(RECORDS TO USE):
== Segment start ==
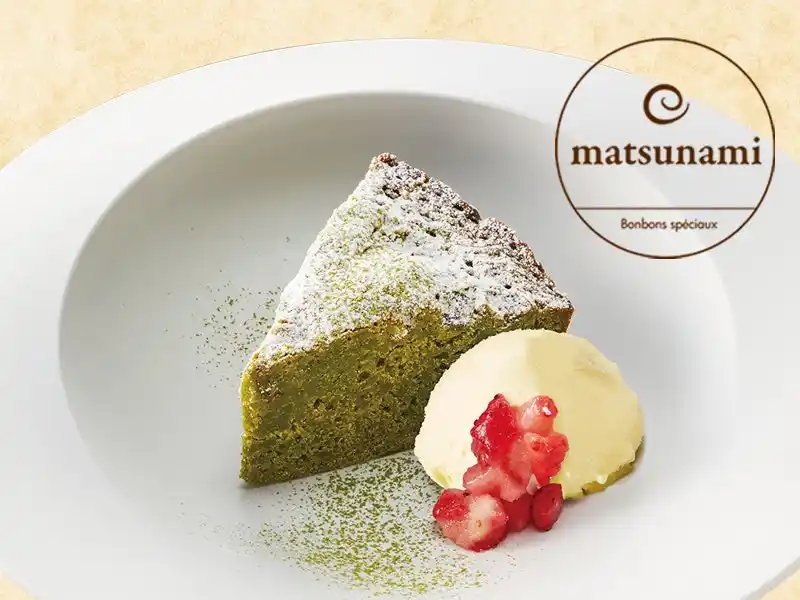 緑茶のガトーショコラバニラアイス添え:ホワイトチョコの生地に銚子丸の粉末緑茶を混ぜ込んだガトーショコラです。ミルクのコクとお茶の爽やかな渋味をお楽しみください。450円 (税込495円) |
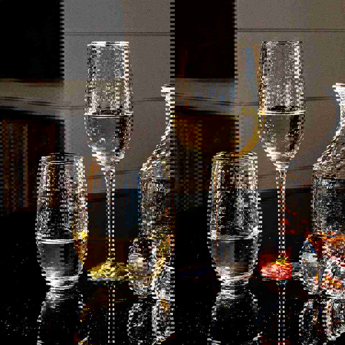 This subtly shimmering and textured collection is crafted of sturdy mouth-blown glass to help you celebrate lifes simple pleasures, like the perfect pairing of your favorite pinot noir with a hearty beef bourguignon.Measurements: 3.5W x 8.5H x 3.5LMade in: ThailandMade of: Glass
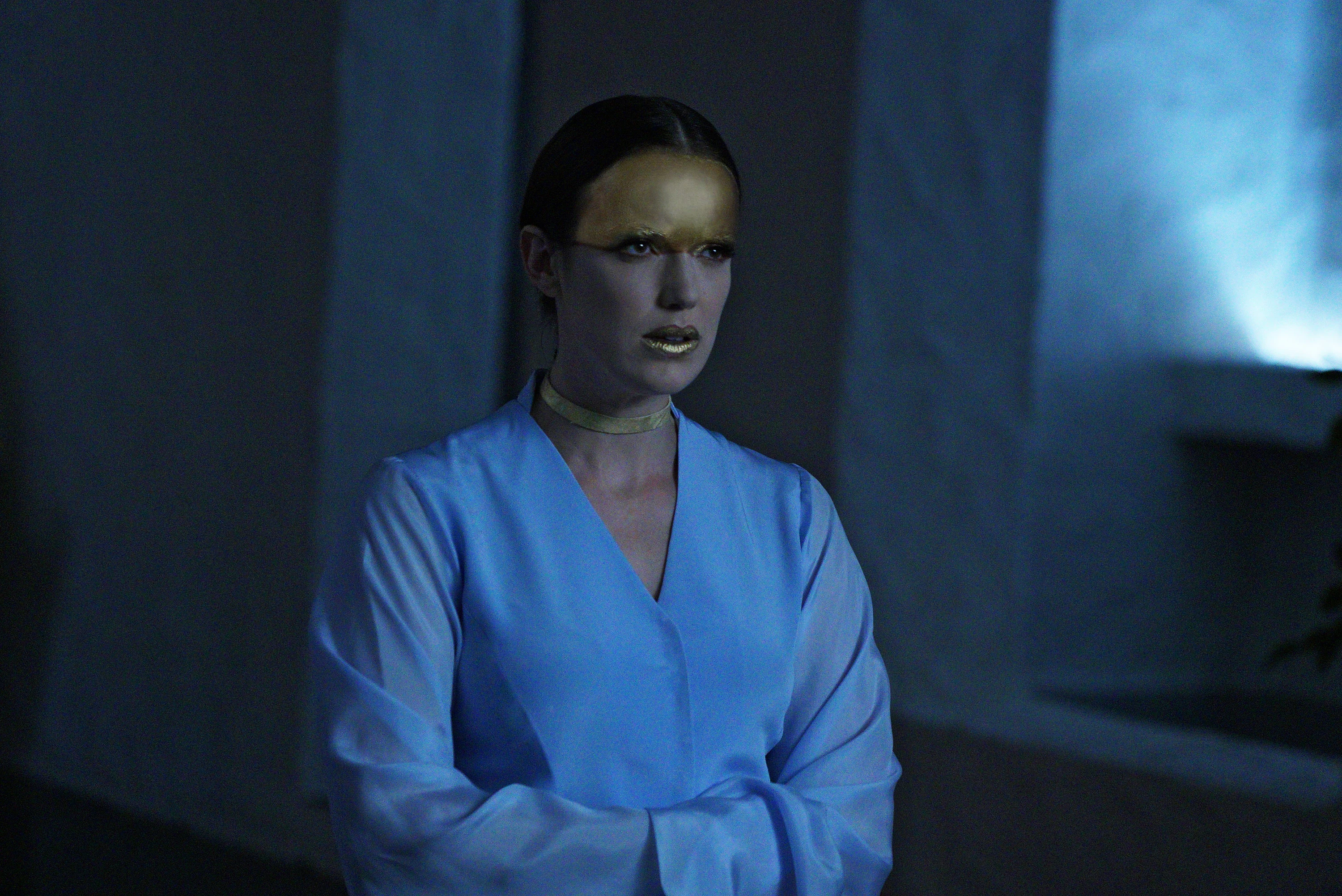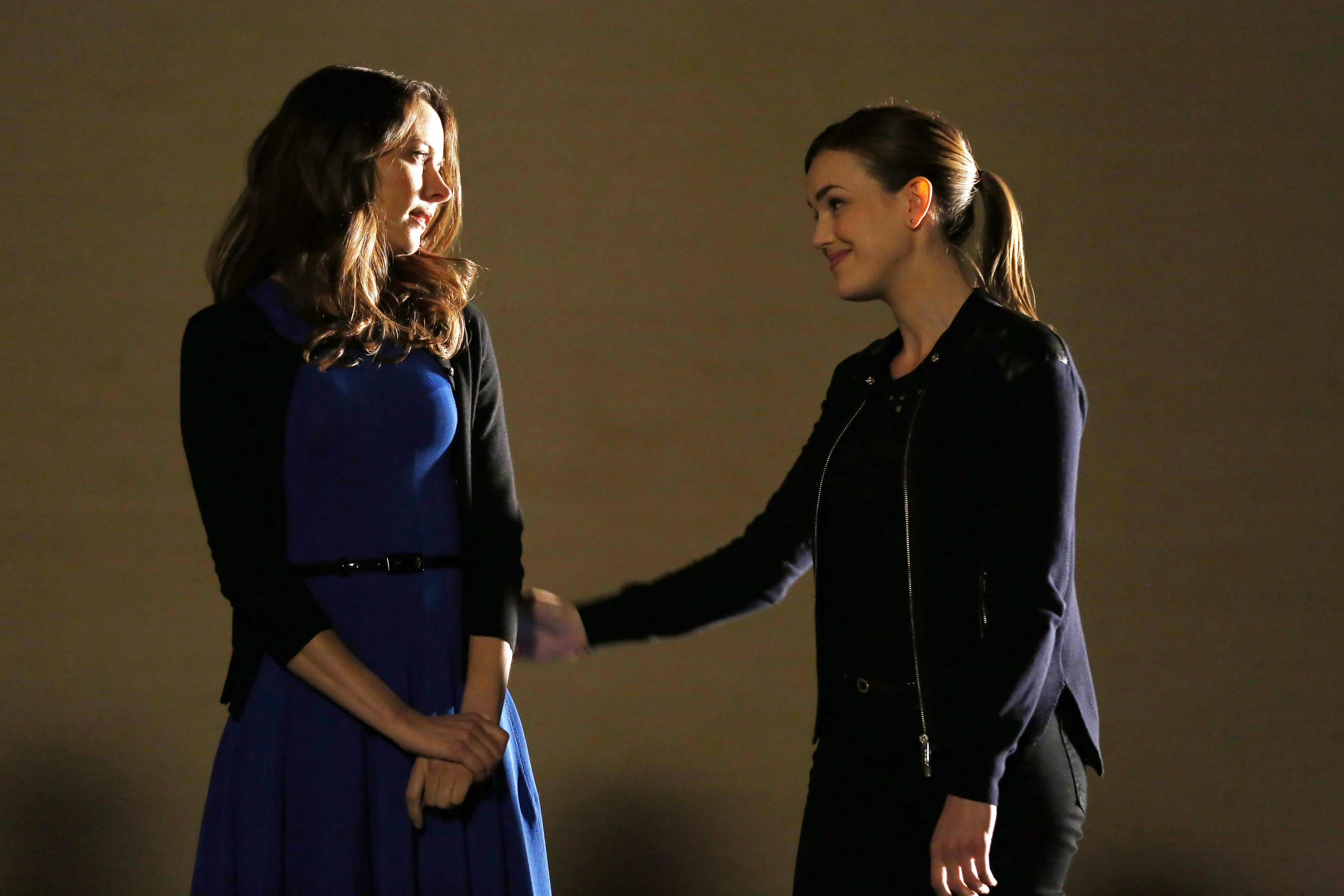 - Меган Хармон была дублером Элизабет Хенстридж в роли Джеммы Симмонс на фотографии.
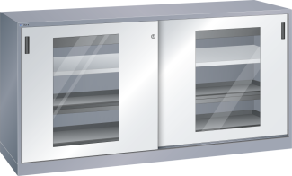 Sliding-door cabinets: Depending on the model, the cabinets are equipped with: galvanised adjustable shelves, 30 mm thick, load capacity 60 kg. Pull-out shelves and drawers painted, anthracite grey, RAL 7016, load capacity 50 kg
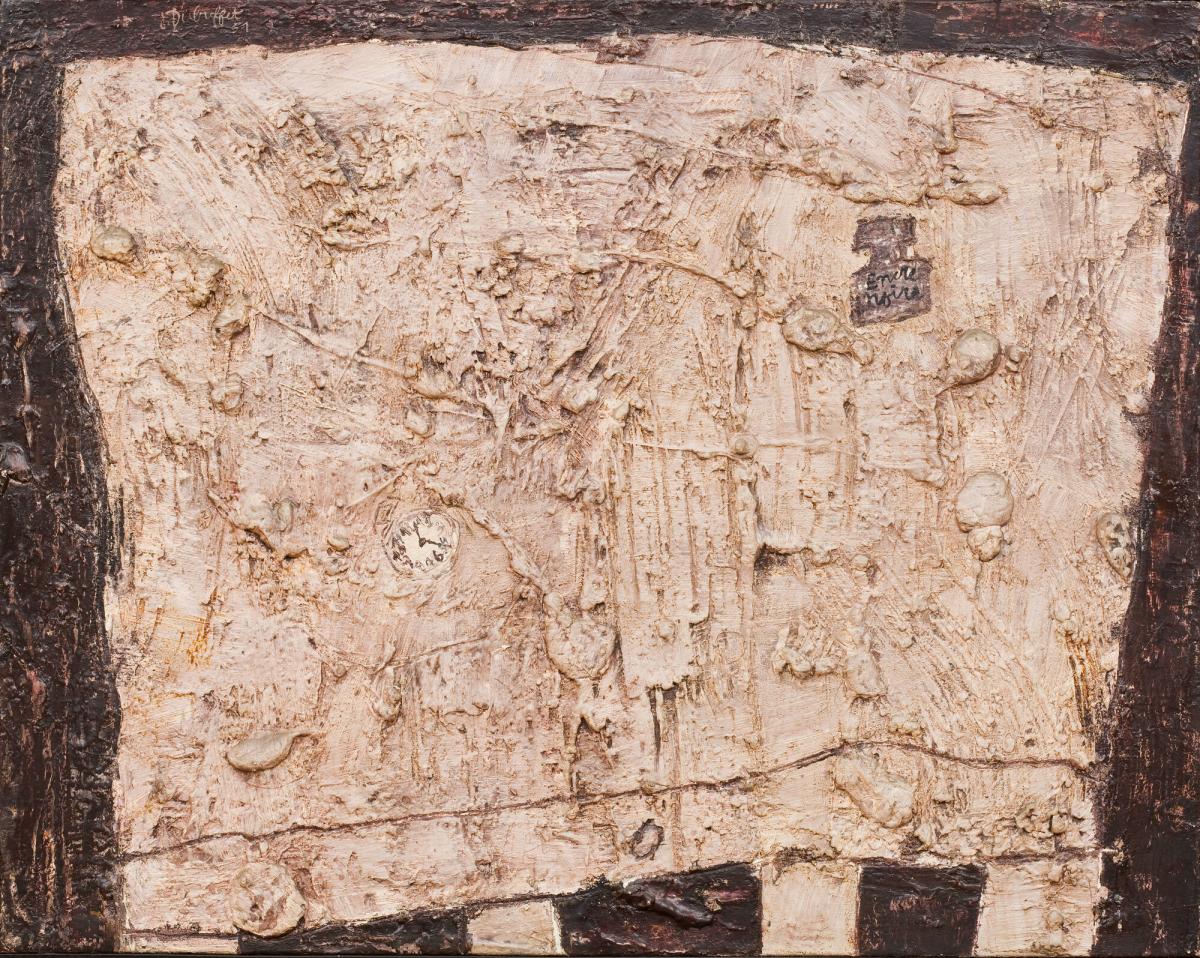 Not on viewJean Dubuffet was a significant force in postwar art, and perhaps one of the most “anti-artistic” in his disregard for conventional media and imagery, especially the human form. Crucial to his creative output was the separation of man and nature, and an opposition to classic, humanist culture, with many of his reference points overlapping with the goals of Abstract Expressionist painters. One of those was Jackson Pollock, who he met the year this work was made, on his first visit to the United States. The title of this painting translates as “Table with Watch and Ink Bottle.”
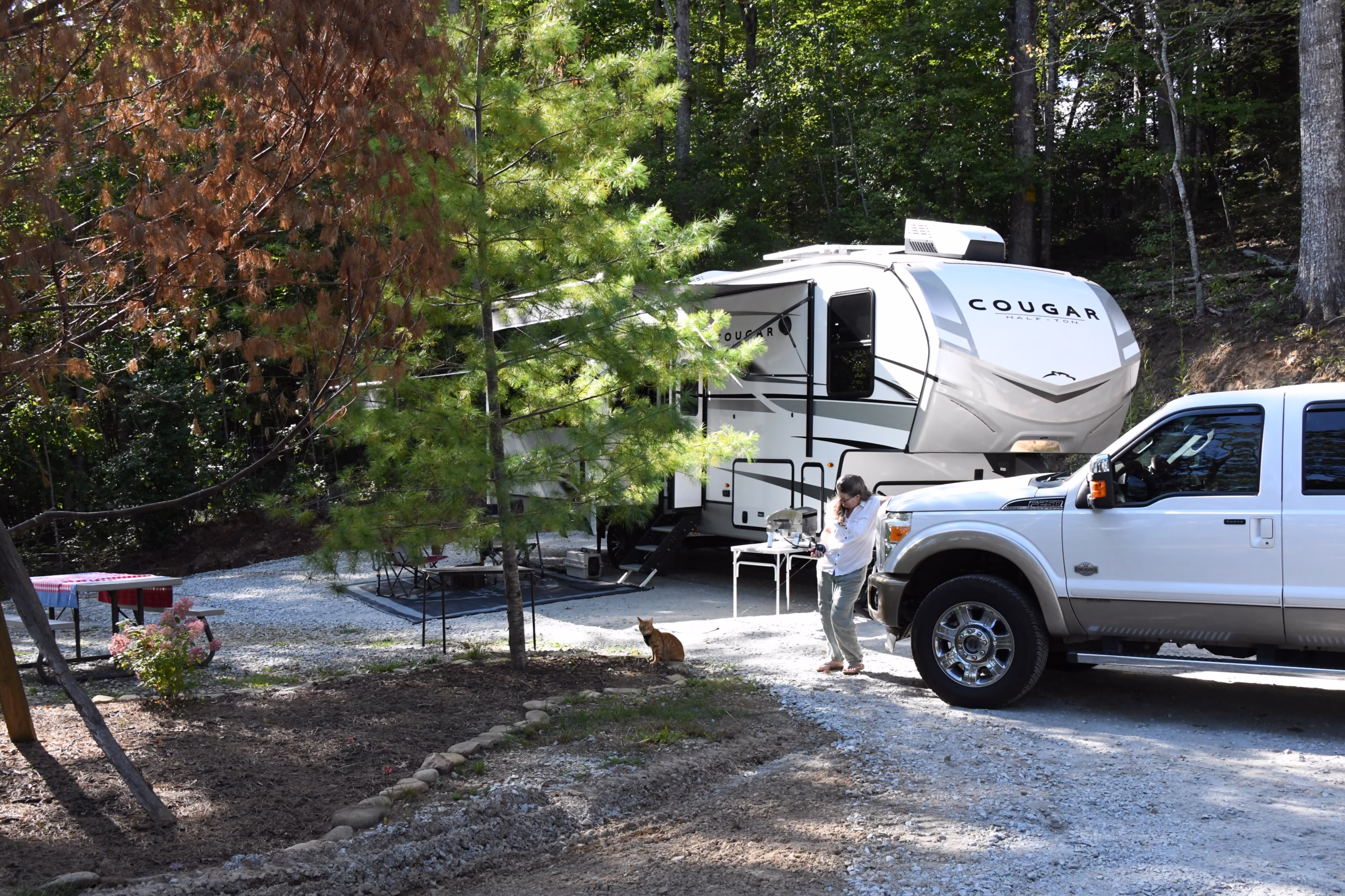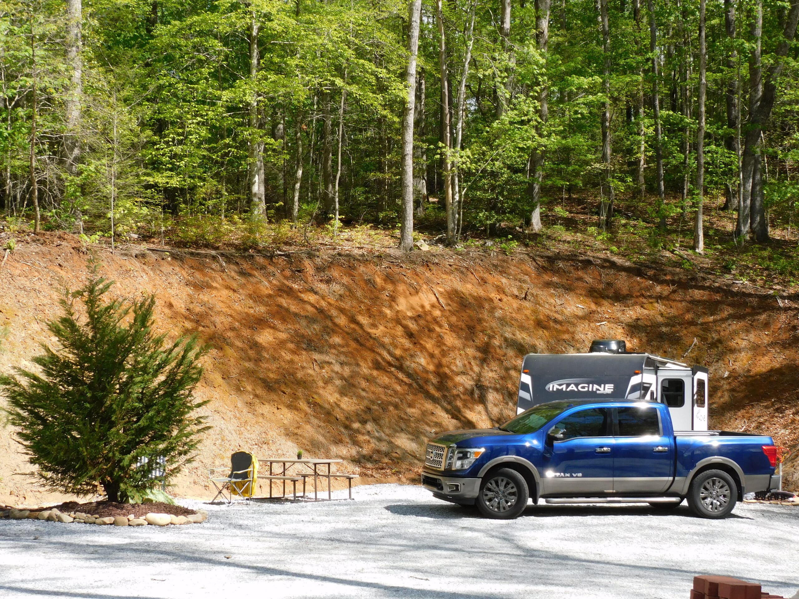 NOTICE: Site #8, “The Woods” is not designed for travel trailers or 5th wheels, as the hookups are on the opposite side. For this reason, “The Woods” is listed as a Motorhome Only site. That said, travel trailers and 5th wheels 35′ and under, can still use the site. Once parked on the pad and disconnected, simply pull your truck forward a few feet, then back it around your RV. Call or text us at (828) 349-5440 if you have questions or concerns.
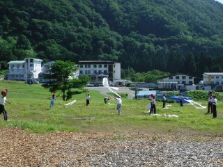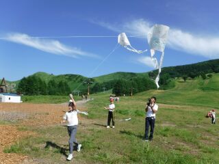 現在凧上げとシャボン玉遊びの真っ最中です。。多くの学校は山登りに向かっていますので、高原は大変空いており、凧上げには最高の場となっています。しかし、残念なことに風が吹いていないため、全力疾走で凧が上がったかと思うと、シュルシュル〜と地面に落ちてしまいます。シャボン玉遊びの方は、大きなシャボン玉、長細いシャボン玉等、面白い形の物が高原を飛び交っています。
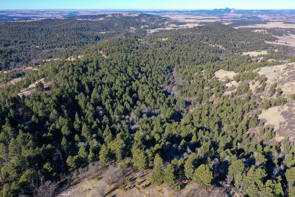 Set high upon a wide-open grassy plateau at roughly 5,200 feet in elevation, this remarkable 80 +/- acre holding commands unobstructed views of Devils Tower and the rugged silhouettes of the Missouri Buttes. From this vantage, the land rolls outward in every direction — big sky overhead, pine-dark ridges beyond, and the kind of silence that settles deep in your chest. Tucked up Lytle Creek along Bear Lodge Road, just 11 miles south of Hulett as the crow flies, the setting feels both secluded and sovereign — an elevated sanctuary in the shadow of Wyoming’s most storied monolith.
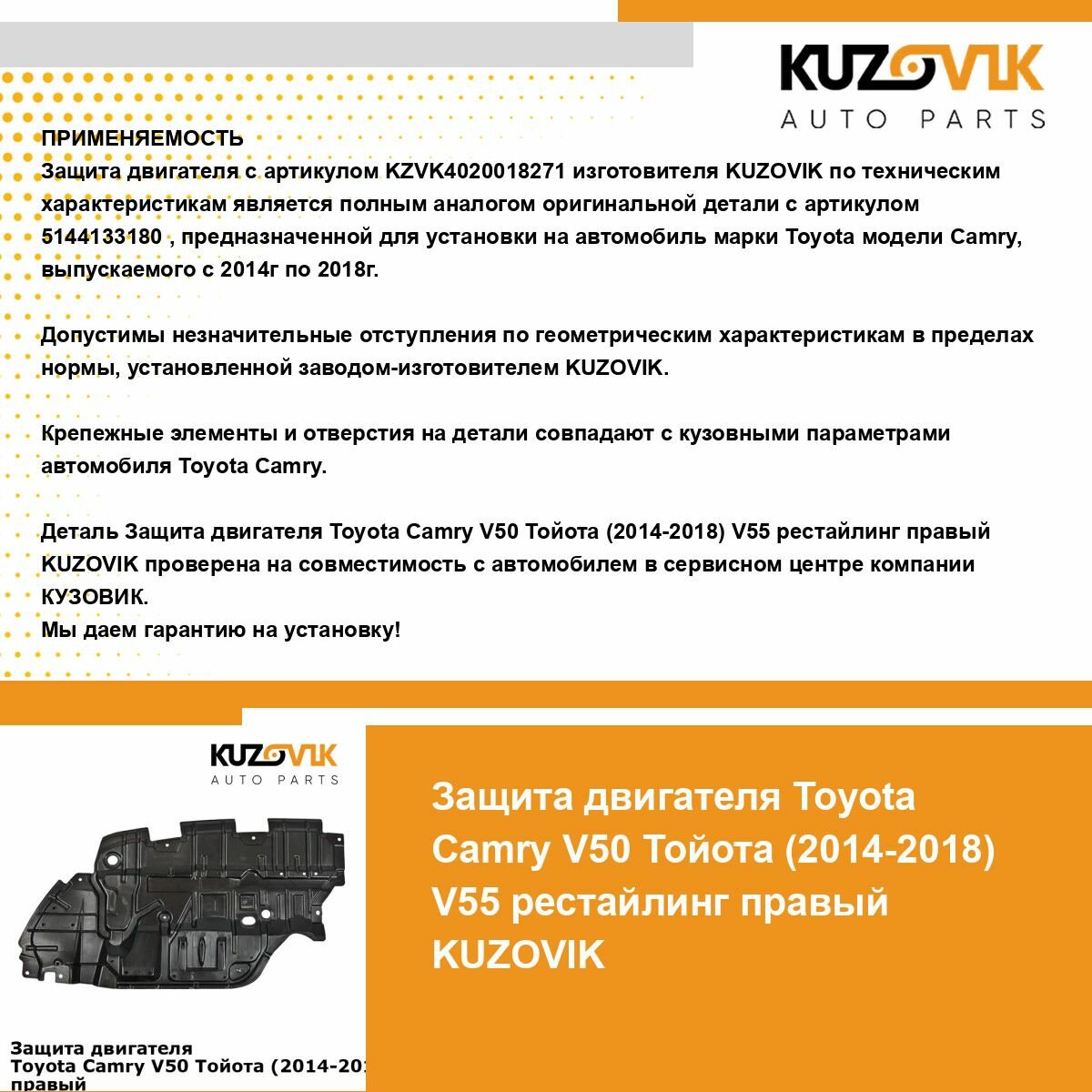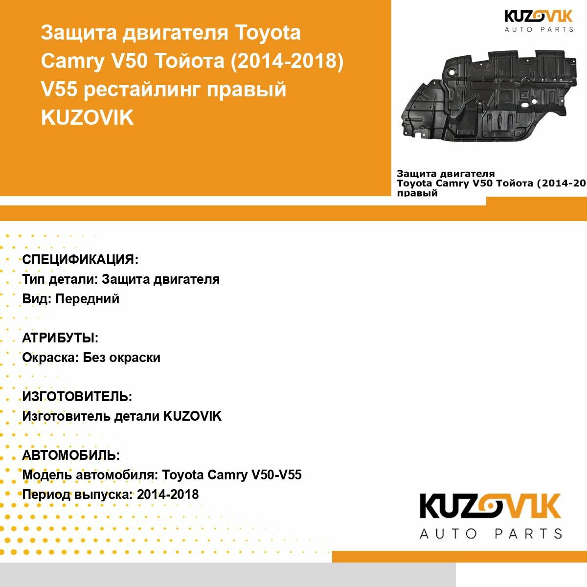 Отзывы на Пыльник защита моторного отсека двигателя правый Toyota Camry V50 Тойота Камри В50 (2014-2018) V55 В55 рестайлинг
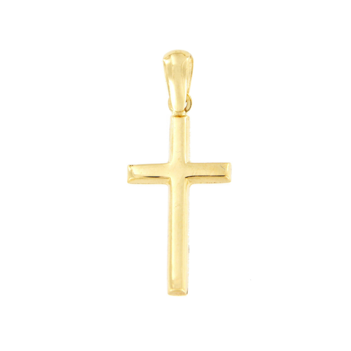 Cruz deTubo Plano Ancho de 2 mm. Medida sin reasa 18 x 10 mm. en Oro de 18Kt.
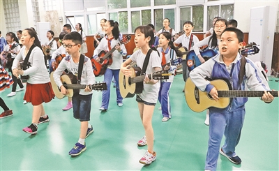 圖為該校學(xué)生們?cè)凇八狞c(diǎn)半活動(dòng)”中進(jìn)行吉他彈唱表演。
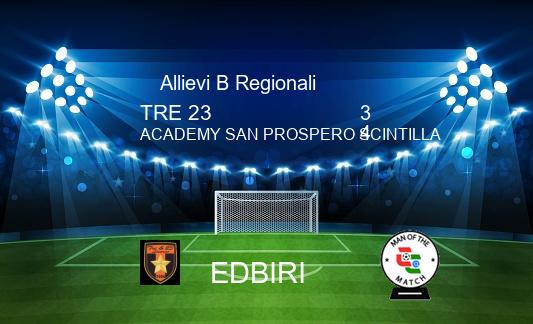 Rocambolesca partita che premia il San Prospero, che vince sul campo del Tre e 23 per 4-3. Per i locali ancora una delusione, con l'ennesimo calcio di rigore fallito, stavolta proprio sul gong, che non rende merito alla prova dei ragazzi di casa, sconfitti ancora una volta. Si inizia senza troppi timori riverenziali e il risultato si sblocca subito grazie al guizzo di Ruberti. La formazione di casa si scuote e ribalta il risultato con l'uno-due firmato da Edbiri. Prima del riposo però la formazione di casa molla mentalmente e si fa raggiungere e poi superare dagli avversari per le reti
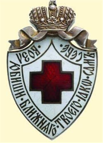Society of the Red Cross - Badge; breast badge with crown and pin back, silver gilt, obverse enamelled, Old Russian hallmarks ("84 Kokoshniks"), maker's mark ("WA" / in cyrillic letters), strong vertical pin on reverse. Signs of wearing, very fine old quality! (A.-W. 853, Patr.I/7.5.)
== Segment end ==
(EXERCISE BRIEF):
Restate, line by line and word for word, everything from the top of the material through the line that contains "Not on viewJean". Leave pictures out.

(TASK ANSWER):
 緑茶のガトーショコラバニラアイス添え:ホワイトチョコの生地に銚子丸の粉末緑茶を混ぜ込んだガトーショコラです。ミルクのコクとお茶の爽やかな渋味をお楽しみください。450円 (税込495円) |
 This subtly shimmering and textured collection is crafted of sturdy mouth-blown glass to help you celebrate lifes simple pleasures, like the perfect pairing of your favorite pinot noir with a hearty beef bourguignon.Measurements: 3.5W x 8.5H x 3.5LMade in: ThailandMade of: Glass
 - Меган Хармон была дублером Элизабет Хенстридж в роли Джеммы Симмонс на фотографии.
 Sliding-door cabinets: Depending on the model, the cabinets are equipped with: galvanised adjustable shelves, 30 mm thick, load capacity 60 kg. Pull-out shelves and drawers painted, anthracite grey, RAL 7016, load capacity 50 kg
 Not on viewJean Dubuffet was a significant force in postwar art, and perhaps one of the most “anti-artistic” in his disregard for conventional media and imagery, especially the human form. Crucial to his creative output was the separation of man and nature, and an opposition to classic, humanist culture, with many of his reference points overlapping with the goals of Abstract Expressionist painters. One of those was Jackson Pollock, who he met the year this work was made, on his first visit to the United States. The title of this painting translates as “Table with Watch and Ink Bottle.”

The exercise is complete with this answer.